Oxford theologian Alister McGrath, points out that one of the ironies of history is that even the lives of those who were utterly opposed to Jesus and all he stood for are dated with reference to Jesus, thus we know that the Roman Emperor Nero died in AD 68 and the dictator Joseph Stalin died in AD 1953 (McGrath, Explaining Your Faith 45). It’s difficult to overstate the impact Jesus Christ has had on this earth. He’s been the inspiration of incredible social renewal and also the excuse for horrible evil. People have worshipped him and hated him, they’ve died for their devotion to him and killed others in his name. The name of Jesus is invoked in cursing more than any other person who’s lived on this earth.
But when it comes to defining who Jesus really was it gets much more complicated. There are as many opinions of who Jesus is as there are people in our world. Four years ago LIFE magazine devoted it’s cover story to quotes from different people about who Jesus really was (LIFE 12/94, pp. 68-80). John Murray, president of the American Atheists says, “There was no such living person in the history of the world as Jesus Christ.

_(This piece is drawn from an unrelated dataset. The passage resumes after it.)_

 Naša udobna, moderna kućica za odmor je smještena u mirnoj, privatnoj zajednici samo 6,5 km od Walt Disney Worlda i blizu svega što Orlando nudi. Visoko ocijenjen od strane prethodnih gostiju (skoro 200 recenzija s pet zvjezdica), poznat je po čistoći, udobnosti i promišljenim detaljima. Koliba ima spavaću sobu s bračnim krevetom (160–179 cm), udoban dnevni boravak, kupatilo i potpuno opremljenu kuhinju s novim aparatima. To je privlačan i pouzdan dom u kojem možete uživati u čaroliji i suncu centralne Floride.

There was no historical, living, breathing...human being by that name. Ever.” F. Forrester Church, a Unitarian minister: “Jesus [was] divine to the extent that we are divine. The difference being: Jesus recognized it, and most of the rest of us don’t.” Robert Funk, co-founder of the Jesus Seminar: Jesus was a subversive sage who went around telling clever jokes, like an ancient Lenny Bruce. Tyler Robers, lecturer of religion at Harvard: “I asked my class, ‘Who was Jesus?’ Most said he was a religious figure. Some said a philosopher, comparing him to Socrates. Then there was Jesus as a political leader, with one student comparing him to Mao and Stalin.” James Hind, a management author: “Jesus was the most effective executive in history” because “in only three years he defined a mission and formed strategies for carrying it out. With a staff of 12 unlikely men, he organized Christianity, which today has branches in all the world’s countries and a 32.4% share of the world’s population.”
Like companies clamoring for a celebrity’s endorsement, virtually every religion makes a special place for Jesus. The Muslim religion views Jesus as the greatest prophet before the coming of Mohammed, but rejects the idea that Jesus is God’s son. Hinduism reveres Jesus as one of their thousands of different gods and goddesses. The Mormon religion claimed that Jesus is the spirit-brother of the Devil. Some people today accept Jesus as a good moral teacher, someone who wasn’t divine in any unique sense of the word, but someone who came to tell us how to love other people. In the last four years, every major news magazine has run cover stories on rediscovering the identity of Jesus. Yet the reader is left suspicious as to why the new and improved Jesus we’re presented with by modern scholars looks a lot like the scholars themselves, kind of like a company looking for a celebrity endorsement who latched on to Jesus without any real concern for who he really is.